VAnim: Rendering-Aware Sparse State Modeling for Structure-Preserving Vector Animation¶

Conference: ICML 2026
arXiv: 2605.01517
Code: None (project homepage only)
Area: Generative Models / Vector Animation / Multimodal LLM
Keywords: SVG animation, sparse state update, Identification-First CoT, GRPO, rendering-aware RL

TL;DR¶

VAnim models open-domain text-to-SVG animation as "sparse state updates on a persistent DOM tree" + "Identification-First motion planning" + "GRPO rendering-aware reinforcement learning," achieving a \(9.86\times\) sequence length compression while preserving topology, and significantly surpassing GPT-5.2, Gemini 3 Pro, and LiveSketch.

Background & Motivation¶

Background: SVG is the de facto standard in UI/Web/icon design due to its scalability, editability, and small file size; vector animation (e.g., loading indicators, micro-interactions) requires adding a temporal dimension to SVG. Current approaches fall into two camps: optimization-based differentiable rendering methods (LiveSketch series) use SDS to iteratively approach text-video priors in pixel space over thousands of steps; general LLM-based methods (GPT-5.2, Gemini 3 Pro, Keyframer) directly generate CSS/SMIL transformation code.

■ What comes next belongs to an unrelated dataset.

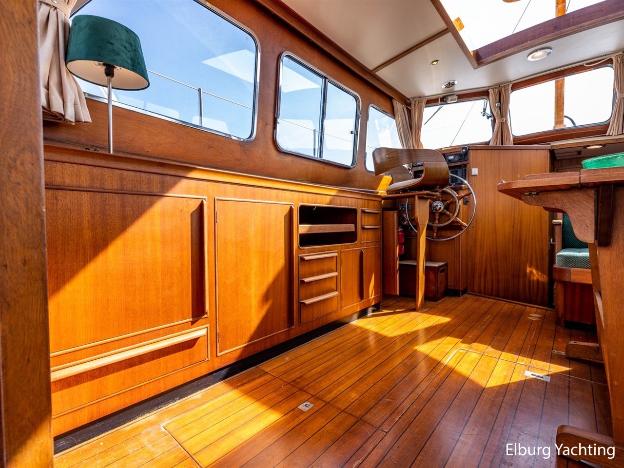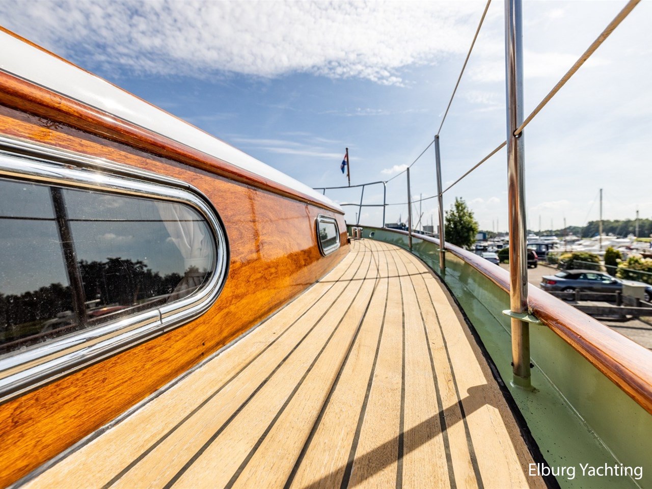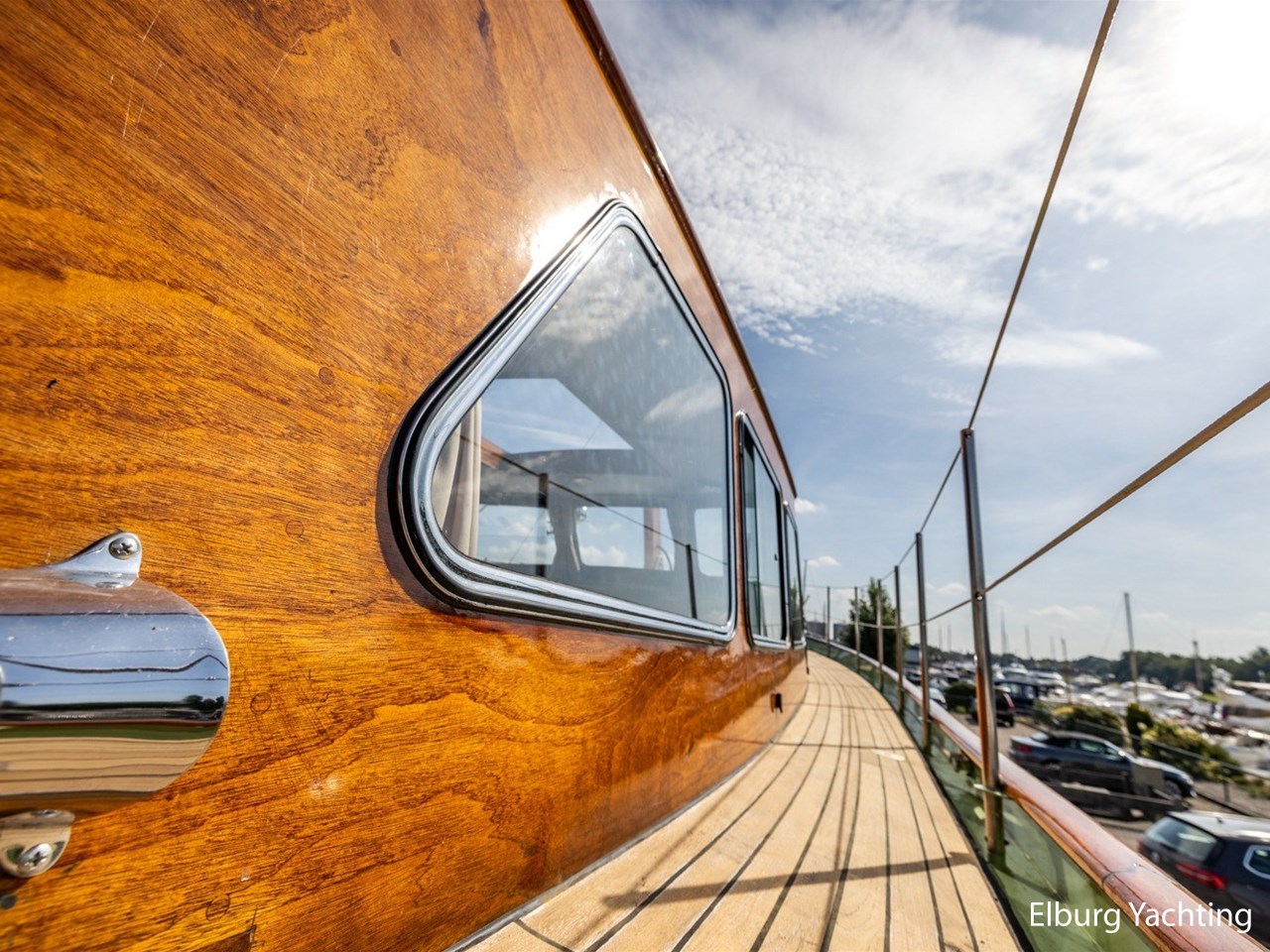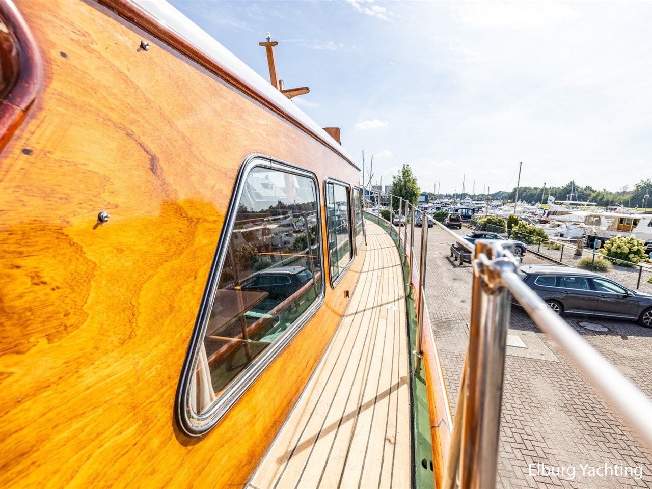 Het schip heeft in 2022 volledige renovatie van teakdek ondergaan, ruime hoge open kuip, 2e stuurstand, r.v.s. bolders, hoge dubbele reling, alle kitranden zijn vernieuwd 2022, klapbare teakhouten mast, ledverlichting door gehele boot, Victron Digital Multi Control, stroomsysteem, veel bergruimte. De doorvaarthoogte met geklapte mast is ca. 2,50m. Het schip afgelopen winterseizoenen binnen gelegen.

Limitations of Prior Work: Differentiable rendering methods (i) are slow at inference (minutes per sample), making interaction impossible; (ii) treat vectors as independent strokes, lacking structural awareness, leading to frequent breakdowns in closed shapes/occlusion, and can only handle sparse sketches. LLM-based methods suffer from affine bias: CSS/SMIL can only mathematically express translation, rotation, and scaling, but cannot perform path-level non-rigid deformations (e.g., flag waving, water droplet morphing). Moreover, rewriting the entire SVG for each frame triggers (a) context explosion (24 frames already require 86k tokens) and (b) identity drift (static elements are randomly modified, causing identity loss).

Key Challenge: There is a fundamental tension between expressiveness (non-rigid geometric deformation requires modifying the path's d attribute) and stability (modifying the path most easily breaks DOM topology/identity consistency). Any "autoregressive generation of the entire animation SVG" paradigm cannot simultaneously overcome both.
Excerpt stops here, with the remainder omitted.